Central Uzbekistan Cities: Shakhrisabz, Birthplace of Timur the Great

UZBEKISTAN | Tuesday, 27 August 2013 | Views [1571]


Shakhrisabz: Birthplace of Timur the Great


This was the place where Alexander had Bessus, the Governor, killed because he had murdered his own ruler, Darius III.  As the Macaedonean leader wasn’t successful in conquering the Sogdian people, he married Roxanna to cement the bond between the two cultures in nearby Sarazm, which is now in Tajikistan.


At one time the city was surrounded by a wall with 7 gates and a moat. Shakrhisabz major claim to fame today rests in the fact that this was Timur’s birthplace and he built his Palace here along with what he had planned to be his mausoleum. The Ak Sarai Palace was begun in 1380 and finished in 1404.Only the portal of the Palace and a hamam remain standing. Today reconstruction work is taking place on the facings and decorations of the remaining walls.
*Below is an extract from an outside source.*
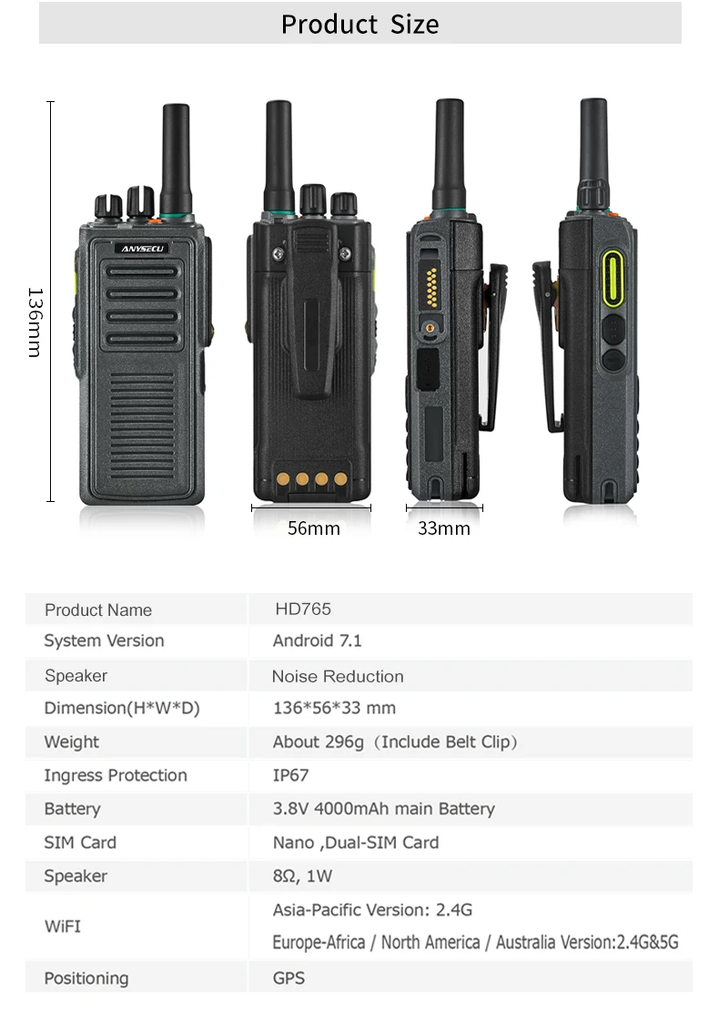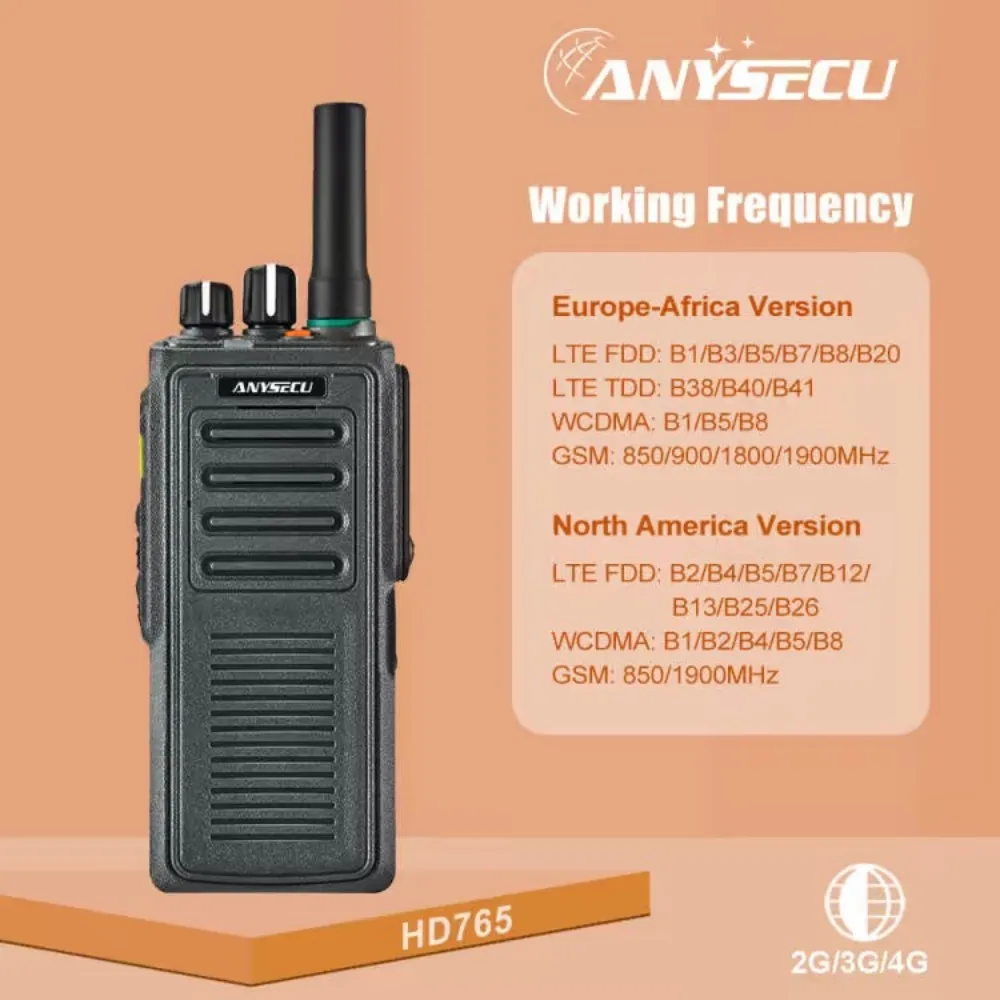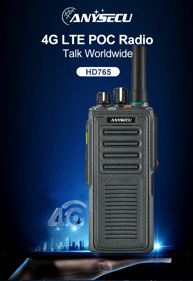 Walkie Talkie Anysecu HD765 4G POC, tarjeta SIM dual de 4000mAh, IP67, Android, con GPS BT4.0, con interfaces tipo C y NFC, mAh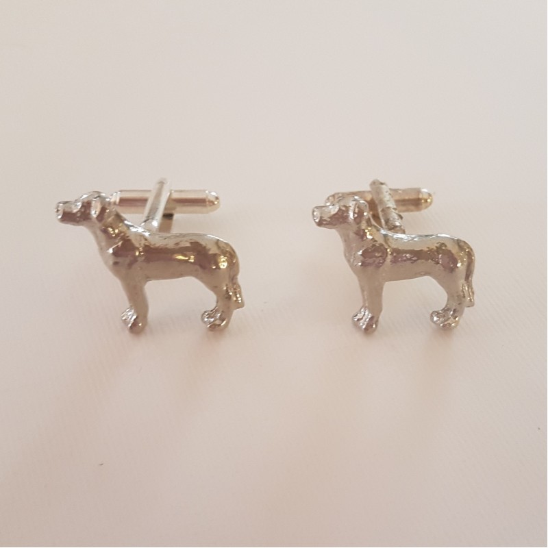 Pewter Cast Cuff links in the shape of a Labrador by Fulham Fox.

Blue turquoise tiles were found off to the left and current craftsmen cannot reproduce the bright colors of the Timurid period.  It is seemingly a lost art.  On many of the buildings we have seen it is quite clear which is the reconstructed part, i.e, the faded tiles, and which the original, i.e., the vibrant times. Blue turquoise became the national color symbol for peace and wealth in the 11th C and the Timurids used it extensively in their constructions.


The original cupola was 40m high, the pistok (entrance arch) was 60 m; 50m + 10m for the arch and cupola.  The minarets were 72m. The architect was from Khorasam (Khiva region) and after surveying the ground decided that it wasn’t safe to build a structure as large as Timur wanted.  To save himself, he hung a chain from the top of the dome, and ran away.  He snuck back regularly to take measurements on how much slippage there was in the foundation via the length of the chain.  After two years worth of measurements, he came back and wanted to resume work, but Timur had him imprisoned.  Once he was able to explain to the ruler why he left and what he was doing, he was allowed to continue work on the palace.

 All the turquoise decorations one sees today are original, the yellow spaces would have been filled with gold, but that was stolen long ago.  Suras are inscribed on the inside, as is Timur’s saying: “If you doubt our power, look at our buildings!” 

 The columns on either side of the pistok are split by an octagonal design close to the bottom and the typical round style above.  The octagonal style was only otherwise used at Bibi Khanym’s Mosque in Samarkand.

 When entering the palace one would go from the outer courtyard through the pistok to an inner courtyard complete with fountain followed by the main meeting hall.  Behind the meeting hall were the residential rooms with guest housing.  The entire palace and courtyards were covered with the blue turquoise floor tiles found at the site. Water for the complex was brought from the mountains.  The irrigation system was apparently quite good. In the mountains open canals were built for the water to flow to the city and once it passed by the city walls it was carried through a pipe system.  The Palace area covered 10% of the town’s 10 hectares.  The remaining 9 hectares were for the local population.  There were a number of villages outside the city walls & when invaders arrived the villagers sought protection in town.  The city was sealed when the drawbridges at each of the gates were up. 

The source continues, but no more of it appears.